In running an application on a system with a resource pool,
predicting an expected completion time when the iterative process is executed a total number of times based on a completion time for a certain number of iterations obtained from the application executing the iterative process and a total number of iterations;
Comparing the estimated completion time to a time limit specified by a user;
based on a comparison result, causing the application to output a checkpoint, and after stopping the execution of the application, using the resource pool, implementing a resource configuration change to the information processing device used for the execution of the application;
A control program that causes a computer to execute a process of restarting the application in the information processing device on which the configuration change has been made, and restarting the application from the output checkpoint.

The control program according to claim 1, characterized in that the process of implementing the configuration change includes, if the expected completion time does not meet the time limit, causing the application to output a checkpoint, stopping execution of the application, and adding resources to the information processing device using the resource pool after the execution of the application has been stopped.
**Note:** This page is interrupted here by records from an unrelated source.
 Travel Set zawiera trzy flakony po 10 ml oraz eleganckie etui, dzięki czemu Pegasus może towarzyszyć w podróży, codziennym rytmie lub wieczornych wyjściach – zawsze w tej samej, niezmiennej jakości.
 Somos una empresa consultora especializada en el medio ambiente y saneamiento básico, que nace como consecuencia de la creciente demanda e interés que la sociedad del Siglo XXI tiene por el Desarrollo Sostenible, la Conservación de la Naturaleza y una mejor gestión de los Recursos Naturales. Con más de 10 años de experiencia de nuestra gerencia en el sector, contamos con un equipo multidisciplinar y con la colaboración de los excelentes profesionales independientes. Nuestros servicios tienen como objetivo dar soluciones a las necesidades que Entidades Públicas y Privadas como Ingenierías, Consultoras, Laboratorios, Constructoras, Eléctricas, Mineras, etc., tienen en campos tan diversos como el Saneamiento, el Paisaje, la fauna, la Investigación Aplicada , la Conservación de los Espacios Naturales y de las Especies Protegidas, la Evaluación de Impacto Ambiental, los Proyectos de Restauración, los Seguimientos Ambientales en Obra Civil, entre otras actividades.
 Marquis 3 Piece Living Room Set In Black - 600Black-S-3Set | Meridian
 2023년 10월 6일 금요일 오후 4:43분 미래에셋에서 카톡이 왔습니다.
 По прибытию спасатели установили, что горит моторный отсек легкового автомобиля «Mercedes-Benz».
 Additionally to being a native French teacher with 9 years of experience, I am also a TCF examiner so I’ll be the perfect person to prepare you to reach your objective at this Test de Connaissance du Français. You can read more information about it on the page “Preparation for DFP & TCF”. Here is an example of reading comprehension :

The control program described in claim 1, characterized in that the process of implementing the configuration change includes, when the predicted completion time meets the time limit, if the resource has been added and there is time until the time limit, outputting a checkpoint to the application, stopping execution of the application, and removing the added resource from the information processing device after execution of the application has been stopped.
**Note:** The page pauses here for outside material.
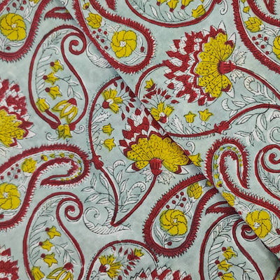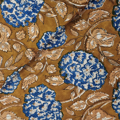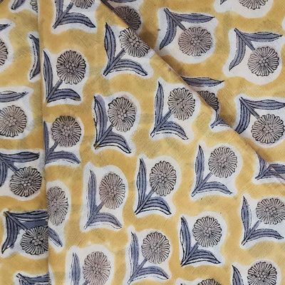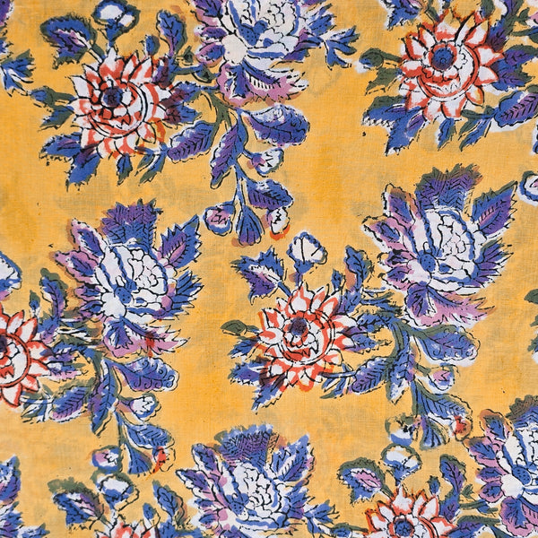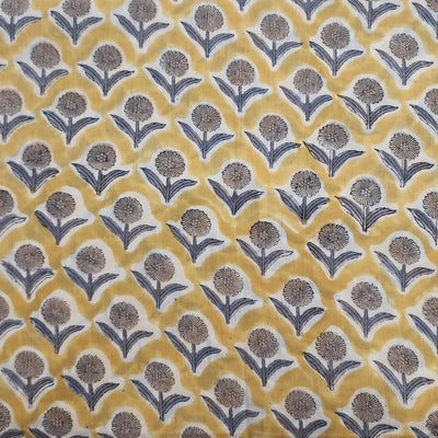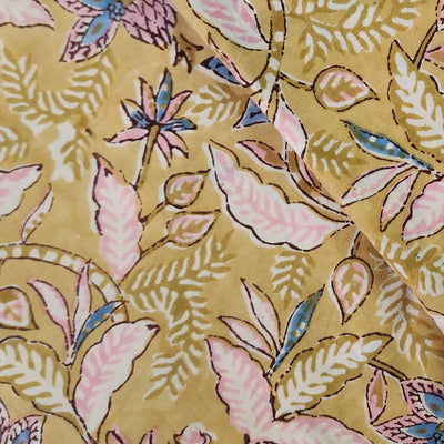 Pure Cotton Mustard With Floral Design Hand Block Print Fabric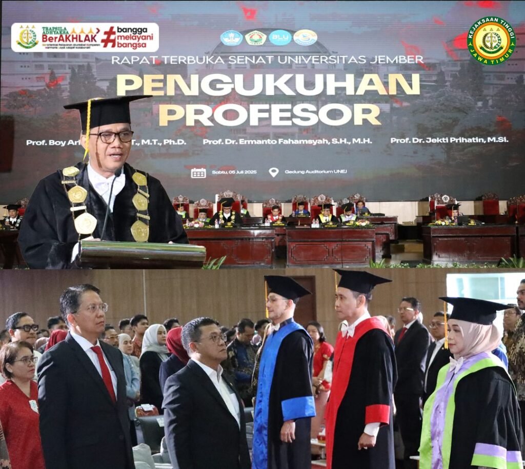 Acara ini turut dihadiri jajaran pimpinan Universitas Jember, pejabat pemerintah daerah, civitas akademika, serta tamu undangan dari berbagai instansi. Kegiatan berlangsung khidmat dan penuh apresiasi atas dedikasi para Guru Besar baru dalam mengembangkan ilmu pengetahuan dan mendukung kemajuan pendidikan di Indonesia.

2. The control program according to claim 1, wherein the process of predicting the expected completion time predicts the expected completion time using an elapsed time from the start of the iterative process, a completion time of the certain number of iterations, and a remaining number of iterations.
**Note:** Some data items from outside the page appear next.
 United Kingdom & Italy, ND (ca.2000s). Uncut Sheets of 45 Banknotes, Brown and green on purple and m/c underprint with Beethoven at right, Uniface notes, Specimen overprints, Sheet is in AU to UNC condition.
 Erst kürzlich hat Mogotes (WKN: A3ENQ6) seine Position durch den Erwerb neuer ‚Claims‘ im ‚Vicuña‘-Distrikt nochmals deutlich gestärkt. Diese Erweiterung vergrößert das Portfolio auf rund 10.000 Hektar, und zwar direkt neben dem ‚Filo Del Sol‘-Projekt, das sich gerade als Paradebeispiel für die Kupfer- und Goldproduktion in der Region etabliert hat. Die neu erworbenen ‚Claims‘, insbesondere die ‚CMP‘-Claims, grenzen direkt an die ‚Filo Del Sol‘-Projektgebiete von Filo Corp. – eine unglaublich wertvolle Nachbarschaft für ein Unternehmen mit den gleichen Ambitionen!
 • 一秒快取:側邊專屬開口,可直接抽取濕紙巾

The control program according to claim 2, characterized in that the process of implementing the configuration change, when adding a resource to the information processing device, uses a table that stores performance ratios between resources pre-installed in the information processing device and resources included in the resource pool to select a resource from the resource pool having a performance ratio closest to the ratio of the expected completion time to the time limit, and adds the selected resource to the information processing device.

A resource pool;
an information processing device that executes an application that performs repetitive processing;
The information processing device includes:
a prediction unit that predicts an expected completion time when the iterative process is executed a total number of times based on a completion time for a certain number of times of iterations obtained from the application and the total number of iterations;
a comparison unit for comparing the estimated completion time with a time limit specified by a user;
an implementation unit that causes the application to output a checkpoint based on a comparison result, and implements a resource configuration change to the information processing device using the resource pool after the execution of the application is stopped;
a restart unit that restarts the application in the information processing device and restarts the application from the output checkpoint;
A system comprising:

In executing an application on a system with a resource pool,
predicting an expected completion time when the iterative process is executed a total number of times based on a completion time for a certain number of iterations obtained from the application executing the iterative process and a total number of iterations;
Comparing the estimated completion time to a time limit specified by a user;
based on a comparison result, causing the application to output a checkpoint, and after stopping the execution of the application, using the resource pool, implementing a resource configuration change to the information processing device used for the execution of the application;
restarting the application in the information processing device on which the configuration change has been made, and restarting the application from the output checkpoint.